One of the top advocates for allowing U.S. companies to grow cannabis for research purposes has imported a batch from the Netherlands, saying he had no choice because of the lack of progress at home.

California-based Biopharmaceutical Research Co., founded by former Navy SEAL George Hodgin, legally imported a small quantity of marijuana from Bedrocan International last month to use for scientific analysis with the goal of better understanding the plant.

“As someone who fought for this country it saddens me that Americans aren’t the ones producing the cannabis materials that we are researching,” Hodgin said in an interview.

Canadian-grown cannabis has also been imported into the U.S. for research purposes. Tilray Inc., for example, has brought in pot for clinical trials at the University of California San Diego, New York University and Columbia University.

The restrictions on researching cannabis in the U.S. stem from a longstanding federal prohibition on the drug, despite it now being legal in 33 states for medical use and 11 for recreational use. Currently, there’s only one government-approved farm at the University of Mississippi that grows pot for research purposes.

The Drug Enforcement Administration said in August that it would propose new regulations for growing marijuana for scientific and medical research, and would then make decisions on pending applications from growers. It first invited those applications in 2016.

Attorney General William Barr pledged in April to act on those pending applications, and said he was “pleased” the DEA was moving forward in August.

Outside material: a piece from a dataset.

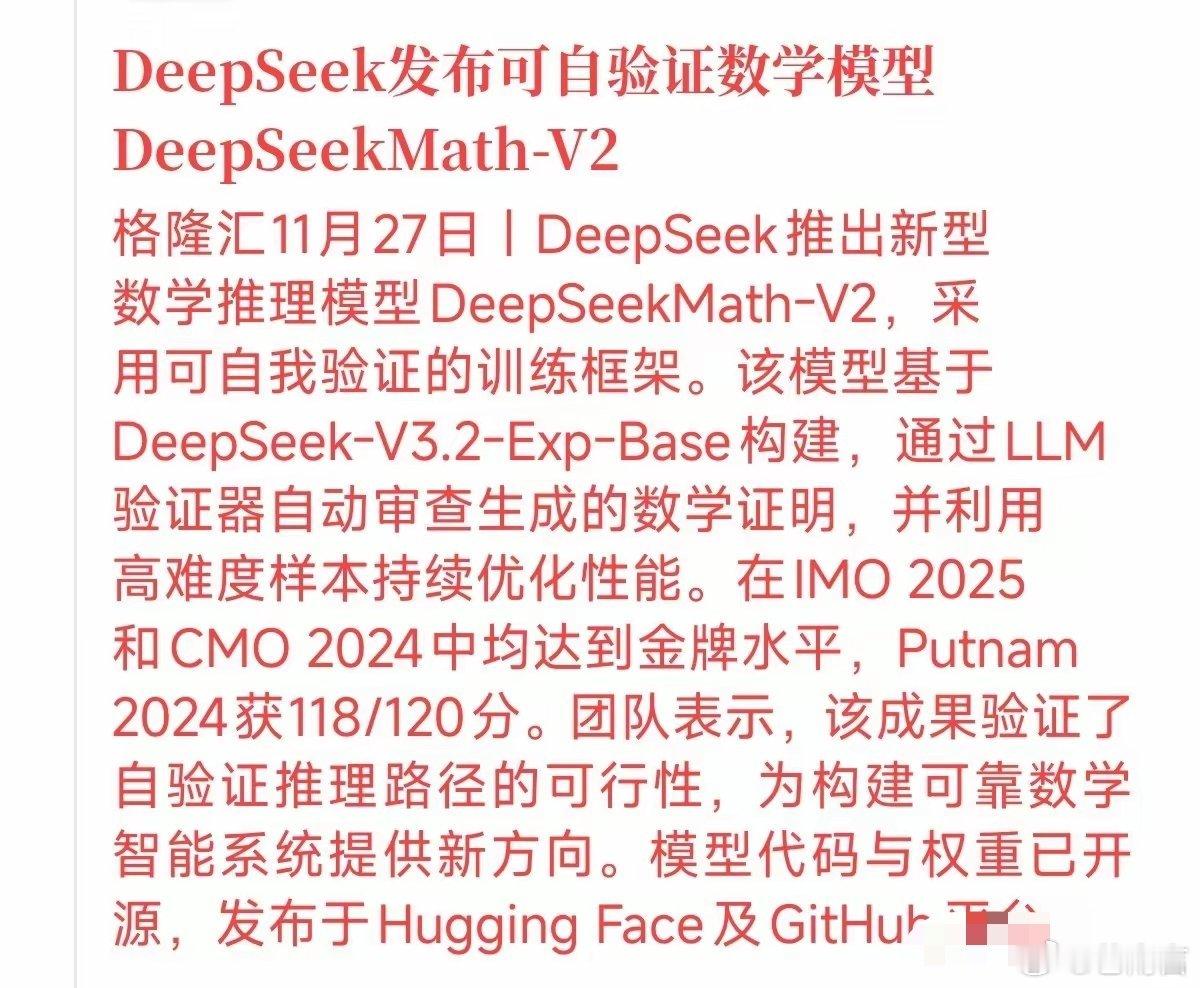 DeepSeek推出新模型DeepSeek数学模型夺冠!看到DeepSeek新推出的数学模型DeepSeekMath-V2在IMO、CMO竞赛中斩获金牌,Putnam竞赛更是拿下118分(满分120),这实力直接碾压人类学霸!🤯更厉害的是采用“自我验证”框架——模型自己出题自己改卷,就像炒股AI既能推荐个股又能判断买卖点,可靠性大大提升!对咱小散的启发:1️⃣ AI大模型竞赛进入新阶段,技术突破超预期2️⃣ 开源策略可能加速行业应用落地3️⃣ 但别追高!等回调布局真正有技术的公司重点关注与DeepSeek合作或有类似技术的A股公司,宁可错过也不追高!你们觉得AI股还能炒第二波吗?

Then things stalled, said Senator Brian Schatz, a Democrat from Hawaii who sent a bipartisan letter to Barr last month urging the DEA to allow researchers to obtain products from state-legal dispensaries.

“The deadline for response was Dec. 20 and they did not get back to us,” Schatz said in a phone interview. “This is another ominous sign that this administration opposes not just rescheduling or descheduling or decriminalization, but anything that has to do with cannabis, they’re fighting it.”

Schatz said he believes Congress can pass marijuana research legislation in 2020.

If it can’t, Hodgin said his company is prepared to import more cannabis.

“I would much rather all of those tax dollars and intellectual property and job creation stay here in America, but if the federal government continues to be defined by inertia, then I suppose we’ll have to look outside the United States for our research materials,” he said.